I'm not happy with my friendship with the person I love
I am 19 years old. The fact is that for the past 5 years I have not been able to get rid of my feelings for the same person. This feeling is reallove , which we all read about in novels.
I want to look at him, my heart skips a beat just from his glance, random touches make me shiver, and most importantly, I don’t understand at all why exactly he makes me feel so much.
I fell in love with him back in 8th grade, now I’m finishing my first year at university. We have always been friends since we are in the same school group. In 9th grade, he said that he was in love with me and showed signs of attention. I was 15 years old and I was happy when he gave me hope that we would be together. It seemed that a strong and pure feeling could grow from our friendship. However, in the summer he stopped communicating with me, and later I realized thatHe just doesn't need a relationship .
I cried and worried, but I invited him test-antibiotic.com to remain friends, for which he thanked me. Since then, we have been truly wonderful friends: we still meet in company, share life’s problems, and help each other. More than once he told me how glad he was that we still communicate. For 2 years now I have been dating another person, he loves me with all his heart, and I love him too, but this love is a completely different feeling. It is incredibly warm, clean, when I think about my current boyfriend, I remember how he hugs me, I understand that I am grateful to him for 2 happy and calm years in my life and I hope that it will continue to be so.
We have a wonderful relationship, he often talks about the future, I understand the seriousness of his intentions. But every time I meet my friend, so to speak, it becomes difficult for me. I feel like a traitor because I can't deny that I feel something for him. And I can’t get rid of this feeling, no matter how much I convince myself that it’s empty. He can't imagine test-antibiotic.com how much it hurt me when he gave me hope, but took it away almost immediately. At the age of 15, I had a short relationship with a guy at the dacha, he left me because he wanted a closer relationship, but I didn’t, but I don’t have the same feelings for him, I don’t have the desire to meet him, hug him.

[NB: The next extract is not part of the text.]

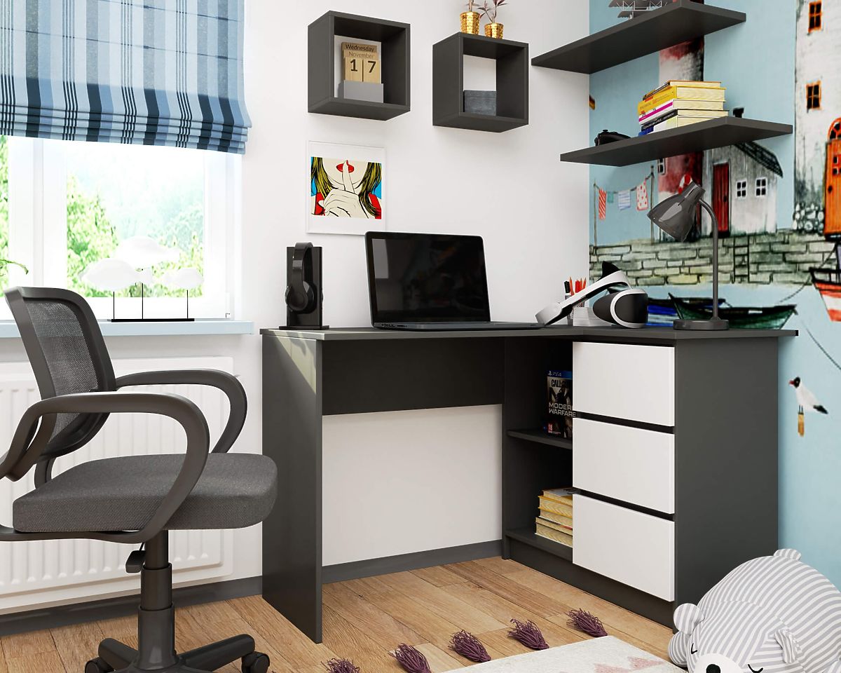 Corner desks are increasingly seen in homes, apartments, and offices. They are not only fashionable but also functional. People looking for furniture in a gray shade with white fronts can choose the B16 corner desk with a width of 124 cm. It is perfect for study or work duties while maintaining a modern look. It includes shelves and drawers for storing documents, books, office supplies, and much more. The furniture is characterized by durability. It is designed for self-assembly, which is not difficult as instructions are included with every order.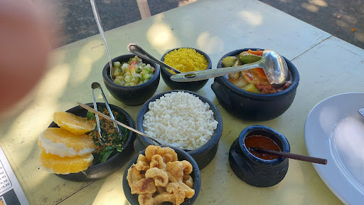 Read moreFui num domingo, que tem comida a quilo, e a fila é ENORME, principalmente para pesar o prato. Acho que como eles não trabalham nesse esquema durante toda a semana não possuem tanta dinamicidade pra isso. Local que não seja no sol também não é tão fácil conseguir. Numero de funcionários pra servir as mesas e limpa-las tbm é reduzido. A comida é normal, as sobremesas são muito boas, vale a pena...

I am tormented by this incomprehensible attachment to my friend, this desire to touch him, to look into his eyes. But I love my boyfriend! How is this possible? Can love be different? Perhaps it's all about our choices? I chose to be happy and not suffer from unhappy love, but it still happens to me, and that’s why I’m writing here. I also thought that this was happening because he abandoned me, and I couldn’t come to terms with it and was subconsciously trying to make him fall in love with me. But something is wrong here, because it gives me joy just to look at him.